:: Requirement ::
Look below for the line that has "この場合、lightning". Set down the lines from there through the line that has "ΥΠΟΛΟΙΠΟΙ ΔΗΜΟΙΑυτοδιοίκηση ΗΜΕΡΙΔΑ", exactly as written.

:: The records ::
####

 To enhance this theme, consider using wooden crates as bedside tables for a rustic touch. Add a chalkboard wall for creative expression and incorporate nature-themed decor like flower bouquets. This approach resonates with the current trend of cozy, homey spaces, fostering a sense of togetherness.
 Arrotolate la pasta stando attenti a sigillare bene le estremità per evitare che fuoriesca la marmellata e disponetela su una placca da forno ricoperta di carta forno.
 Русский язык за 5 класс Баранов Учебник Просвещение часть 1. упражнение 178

####

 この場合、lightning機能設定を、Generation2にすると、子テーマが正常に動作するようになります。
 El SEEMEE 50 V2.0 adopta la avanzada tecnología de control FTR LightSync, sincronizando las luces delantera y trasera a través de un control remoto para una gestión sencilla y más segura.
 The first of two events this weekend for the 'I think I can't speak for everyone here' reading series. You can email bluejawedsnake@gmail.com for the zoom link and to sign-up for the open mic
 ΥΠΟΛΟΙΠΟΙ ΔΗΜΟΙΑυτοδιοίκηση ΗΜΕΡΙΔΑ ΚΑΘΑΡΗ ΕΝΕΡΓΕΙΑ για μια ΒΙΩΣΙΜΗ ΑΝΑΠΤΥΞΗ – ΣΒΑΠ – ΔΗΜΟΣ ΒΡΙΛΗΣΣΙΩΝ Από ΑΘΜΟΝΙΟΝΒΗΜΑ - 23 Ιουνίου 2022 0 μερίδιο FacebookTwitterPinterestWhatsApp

####

:: Solution below ::
 この場合、lightning機能設定を、Generation2にすると、子テーマが正常に動作するようになります。
 El SEEMEE 50 V2.0 adopta la avanzada tecnología de control FTR LightSync, sincronizando las luces delantera y trasera a través de un control remoto para una gestión sencilla y más segura.
 The first of two events this weekend for the 'I think I can't speak for everyone here' reading series. You can email bluejawedsnake@gmail.com for the zoom link and to sign-up for the open mic
 ΥΠΟΛΟΙΠΟΙ ΔΗΜΟΙΑυτοδιοίκηση ΗΜΕΡΙΔΑ ΚΑΘΑΡΗ ΕΝΕΡΓΕΙΑ για μια ΒΙΩΣΙΜΗ ΑΝΑΠΤΥΞΗ – ΣΒΑΠ – ΔΗΜΟΣ ΒΡΙΛΗΣΣΙΩΝ Από ΑΘΜΟΝΙΟΝΒΗΜΑ - 23 Ιουνίου 2022 0 μερίδιο FacebookTwitterPinterestWhatsApp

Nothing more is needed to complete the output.